▶ WORK ITEM: Return all of the data below verbatim and exclude every picture.

Data items:

==========

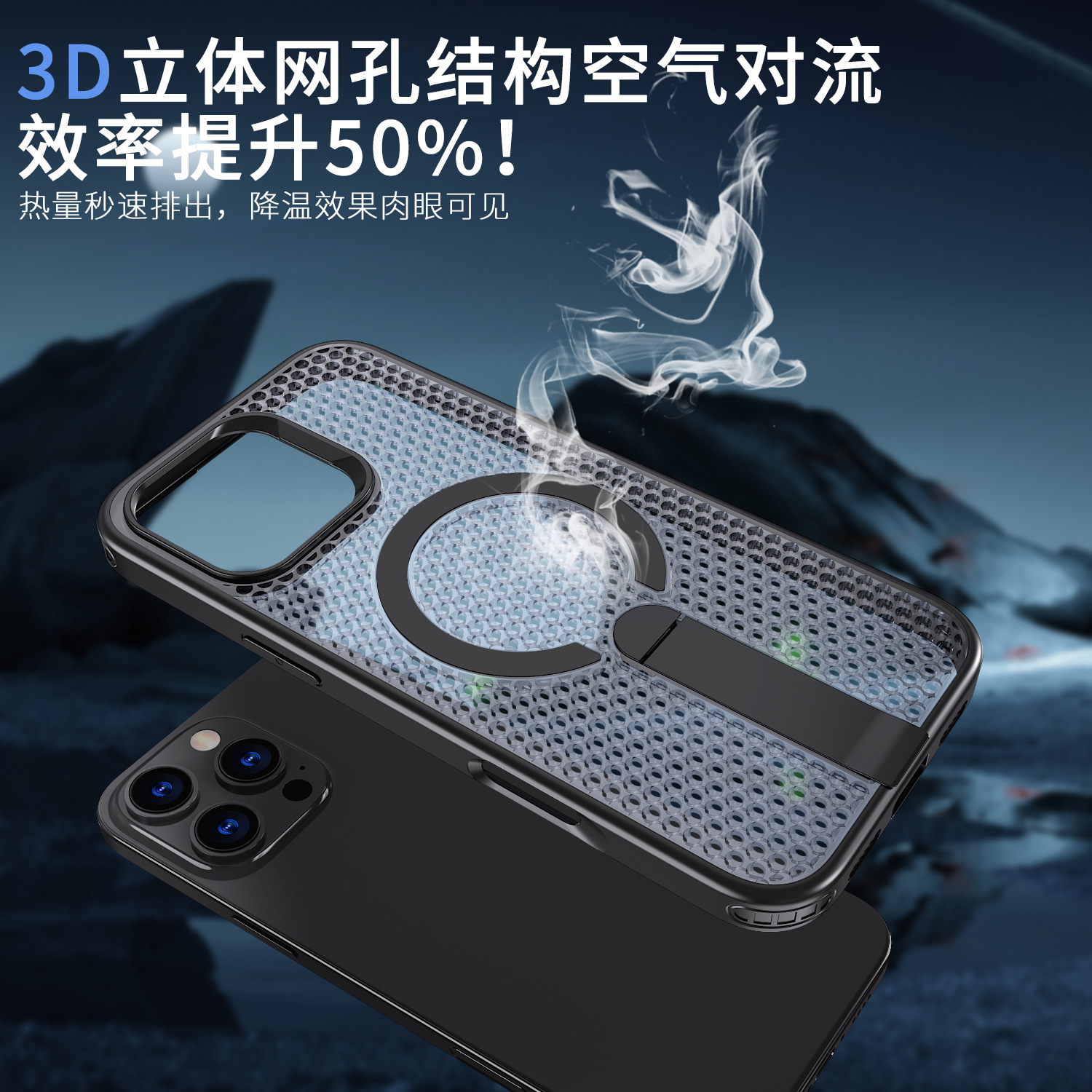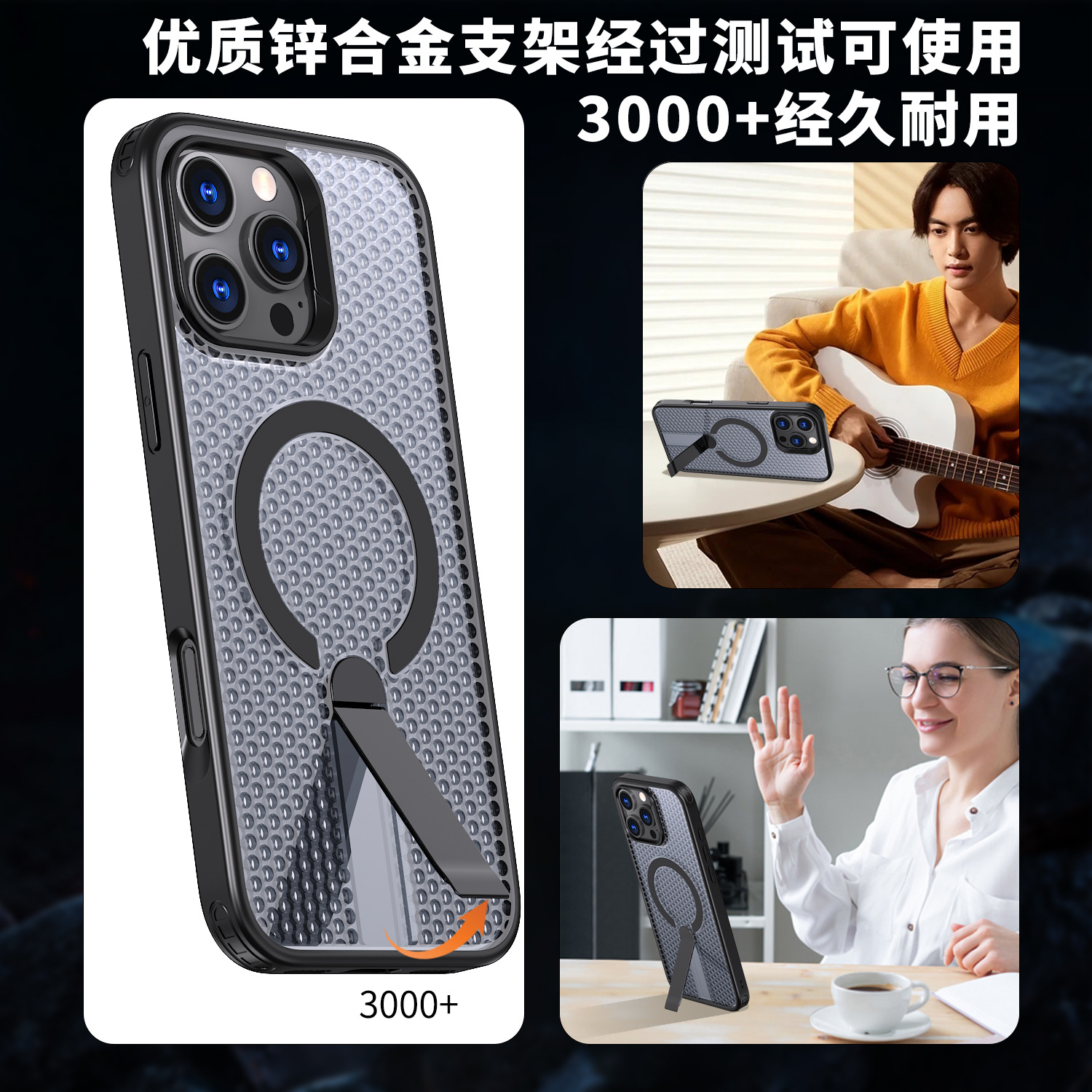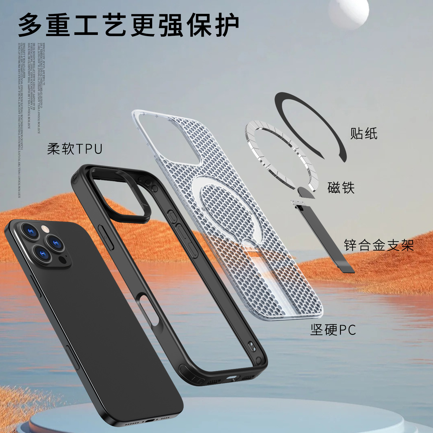 신형 애플 17 휴대폰 케이스 자석식 수직 스탠드 벌집 무늬 방열 방지 낙하 방지 아이폰17E 케이스
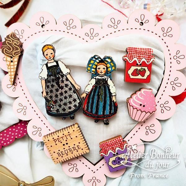 こちらは、アルザス地方の民族衣装をまとった女の子をモチーフにしたボタン
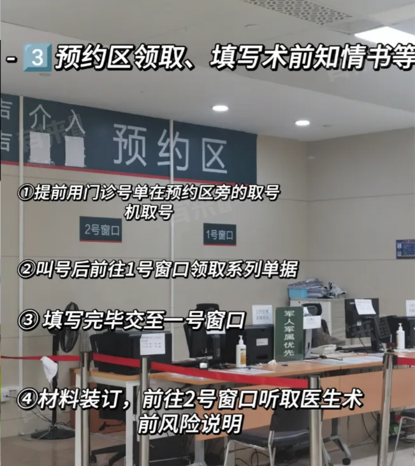 ⑥确认手术后,前往超声手术区医生办公室进行手术具体日期的预约
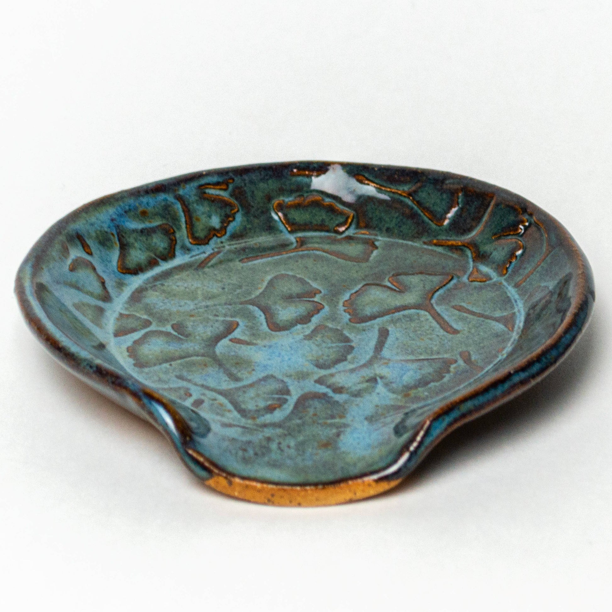 This beautiful stoneware spoon rest is decorated with a ginkgo leaf pattern and finished in a calming blue glaze.
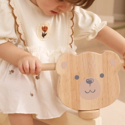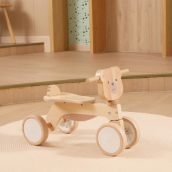 Bezpečnosť podporuje blokácia riadenia, ktorá obmedzuje nadmerné vytočenie riadidiel. Deti si počas hrania prirodzene rozvíjajú rovnováhu, koordinačné schopnosti a hrubú motoriku. Roztomilá „medvedia“ predná časť a prírodný dizajn skvele zapadnú do detskej izby.
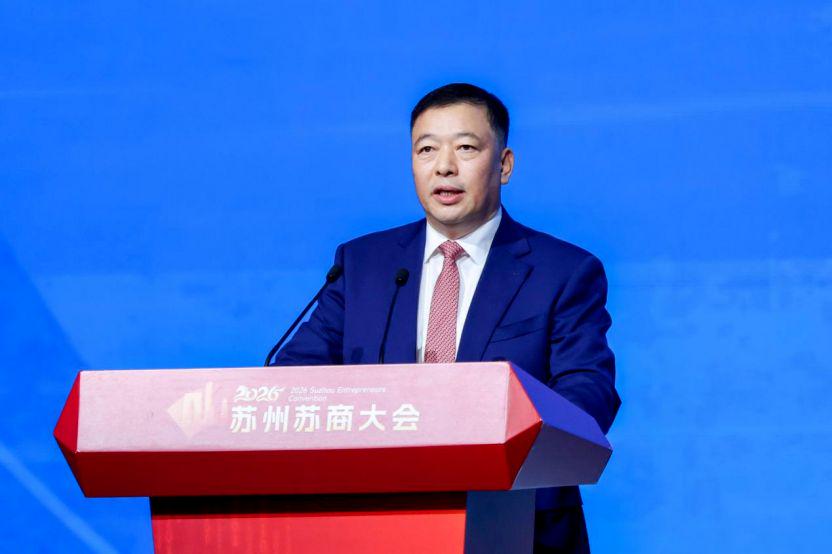 “2026苏州苏商大会”尚未开始,苏州市委书记、市长来到酒店大厅,与到场企业家代表们逐一握手致意。
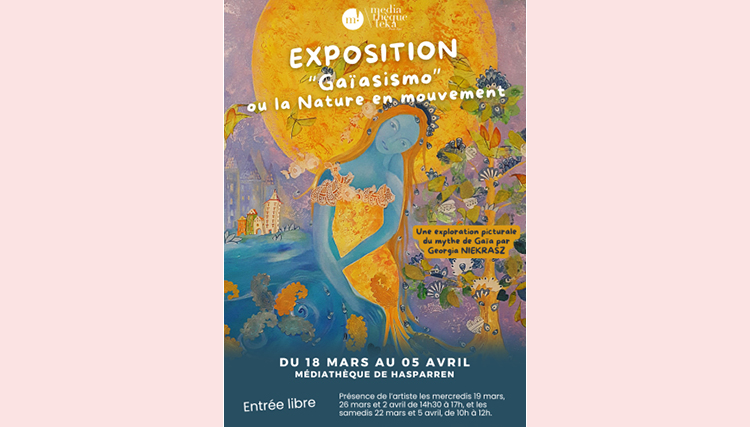 Du 18 mars au 5 avril, la médiathèque accueille l’exposition « Gaïasismo ou la Nature en mouvement » de Georgia Niekrasz, artiste indépendante. À travers ses œuvres, elle explore le lien profond entre la nature et l’humain, puisant son inspiration dans ses racines slaves et basques. Ses tableaux traduisent une vision vibrante et sensible de la Terre, à la fois force créatrice et entité vulnérable, incarnant le mythe de Gaïa, mère de toute vie.
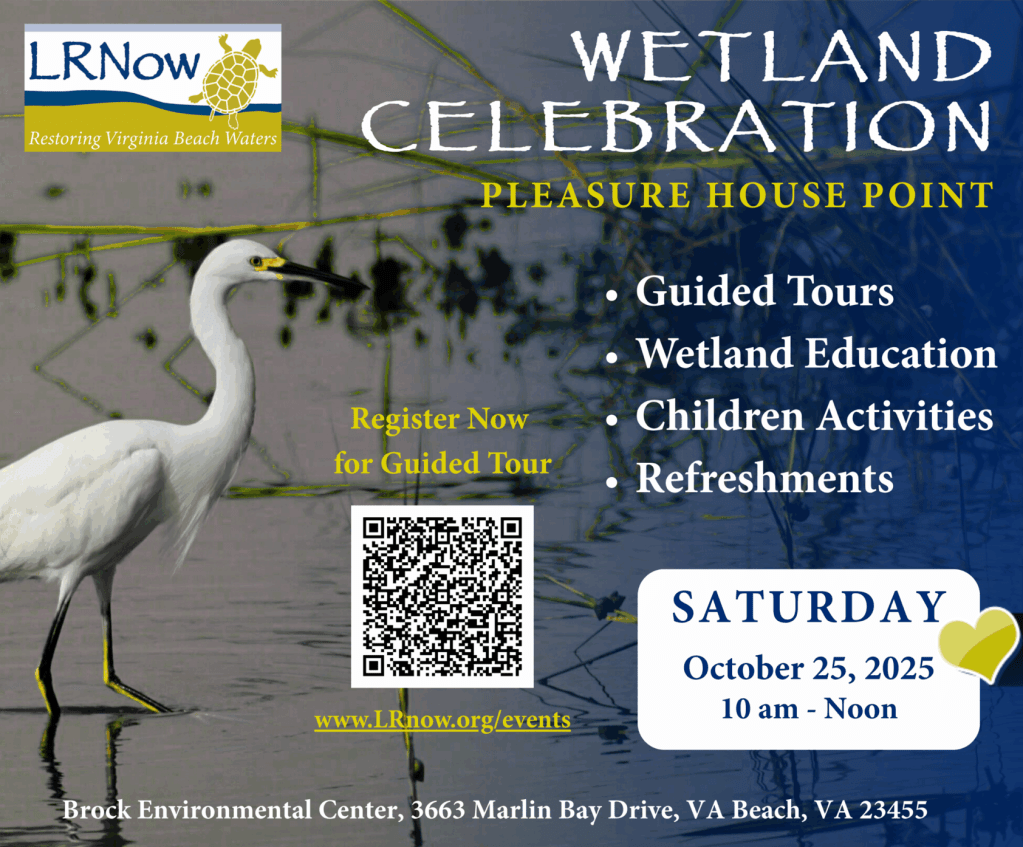 Learn about the Wetlands Restoration at Pleasure House Point from 10 am to noon! Sign up for a tour! Lynnhaven River Now has added another tour for Saturday, October 26th!
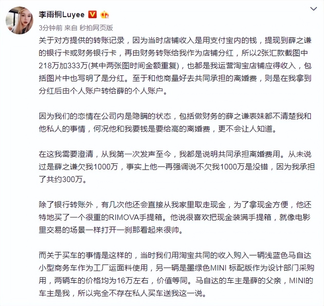 而且李雨桐这次发文的密度和语气,看得出来情绪已经积压到了顶点,二十余条微博连番轰炸,没有多余的铺垫,全是直接的指控,换谁看了都会觉得震惊。
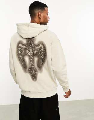 ASOS DESIGN hoodie in washed beige with grunge back print

==========

▶ RESPONSE BOX:
 신형 애플 17 휴대폰 케이스 자석식 수직 스탠드 벌집 무늬 방열 방지 낙하 방지 아이폰17E 케이스
 こちらは、アルザス地方の民族衣装をまとった女の子をモチーフにしたボタン
 ⑥确认手术后,前往超声手术区医生办公室进行手术具体日期的预约
 This beautiful stoneware spoon rest is decorated with a ginkgo leaf pattern and finished in a calming blue glaze.
 Bezpečnosť podporuje blokácia riadenia, ktorá obmedzuje nadmerné vytočenie riadidiel. Deti si počas hrania prirodzene rozvíjajú rovnováhu, koordinačné schopnosti a hrubú motoriku. Roztomilá „medvedia“ predná časť a prírodný dizajn skvele zapadnú do detskej izby.
 “2026苏州苏商大会”尚未开始,苏州市委书记、市长来到酒店大厅,与到场企业家代表们逐一握手致意。
 Du 18 mars au 5 avril, la médiathèque accueille l’exposition « Gaïasismo ou la Nature en mouvement » de Georgia Niekrasz, artiste indépendante. À travers ses œuvres, elle explore le lien profond entre la nature et l’humain, puisant son inspiration dans ses racines slaves et basques. Ses tableaux traduisent une vision vibrante et sensible de la Terre, à la fois force créatrice et entité vulnérable, incarnant le mythe de Gaïa, mère de toute vie.
 Learn about the Wetlands Restoration at Pleasure House Point from 10 am to noon! Sign up for a tour! Lynnhaven River Now has added another tour for Saturday, October 26th!
 而且李雨桐这次发文的密度和语气,看得出来情绪已经积压到了顶点,二十余条微博连番轰炸,没有多余的铺垫,全是直接的指控,换谁看了都会觉得震惊。
 ASOS DESIGN hoodie in washed beige with grunge back print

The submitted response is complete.